A full squat is not the same depth for everybody. A FULL SQUAT should be seen as performing the squatting motion using the full range of motion possible with proper body position and form. I call this “proper position range of motion (PPRM)”.

The PPRM for the squat must respect those biomechanical points:

  1. Heels on the floor
  2. Lower back arched
  3. Butt pushed out (not in the tail under position)
  4. Trunk not bent forward more than 45%

Your personal full squat will be the lowest position you can reach while respecting those 4 points.

Over time, with proper hip flexor, glutes and calf stretching, your PPRM will increase.

What is your opinion on some of the exercise variations DB Hammer recommends; oscillatory isometrics reactive exercises, etc.?

How do you determine what volume is appropriate when you are designing your programs?

Thanks

Thanks - I just put in a chin-up bar in my basement this weekend - my plan is to bang out a couple of sets each morning and night, probably 7 days per week. I’m assuming medium grip means at/near shoulder width, is this the case?
BTW, a bunch of my buddies from my gym are heading to Vegas as well - should be a blast.

thanks

I use something similar to that already.

6 oz milk
1 banana
4 tablespoons peanut butter
1 tablespoon olive oil
2 scoops protein

Its around 914 cals. This seems to work really really well for me. As i am a very hard gainer, i can still do this and not gain very much fat.
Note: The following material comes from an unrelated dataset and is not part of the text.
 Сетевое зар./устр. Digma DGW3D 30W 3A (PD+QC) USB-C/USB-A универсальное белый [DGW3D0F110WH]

I might also have to try your recipe, drink it with my meals, and drink the shake i show for breakfast and before bed, because this one is really thick.
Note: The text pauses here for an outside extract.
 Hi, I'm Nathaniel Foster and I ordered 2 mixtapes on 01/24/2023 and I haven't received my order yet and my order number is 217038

How would you determine total # of reps when performing speed-strength and strength-speed as described in your Different Destinations article?

Dear CT,

    What is your view on good mornings? 

Westside barbell training people swear by it and do it 40-70% of the time for their max lower body lifts. But I remember reading an article hear by Mr Cressy where he said only 1% of the population are ready to do such an advanced back exercise.
My own experience with them is good but I find myself much sorer after these then after squats and deadlifts.
Do you use good mornings and if so when do you give them to your clients i.e after 1 year’s training?

Also do you use the rounded back or one legged version recommended by Ian King and Charles Poliquin?

                      Indra

CT,
What stretching would you recommend for hip flexors, glutes, and calves in order to increase my PPRM in a full squat. I currently do lots of lunge stretching for my hip flexors and a one foot back with leg forward to stretch my calves and have not been directly stretching my glutes because I have been trying to fix the length tension relationship between my glutes and hip flexors due to overly tight hip flexors. Also EC recommended holding in the bottom position of a full squat for a few seconds to increase flexibility. When I do this it feels like my hip flexors are actually tightening up in the bottom position and it seems like they are being contracted in the bottom position as opposed to being stretched like in a lunge stretch- is this normal/ what is actually happening? Thanks again for your time,
TR

Hey coach,

Love you articles and all the great feedback assistance you provide. I have a question regarding your specialization routine. I’m using your specialization training for back and shoulders with great results so far for strength. However, Due to issues that have come up recently, I’m only able to really train 3 days a week. I wanted to focus on chest and tris next. Can you give me an idea of how to arrange a 4 wk specialization block with a 3 day split? Should I continue with the original 4 day split, just extend it, i.e. day 1 mon, day 2 thurs, day 3 sat, day 4 mon, etc??? appreciate the assistance.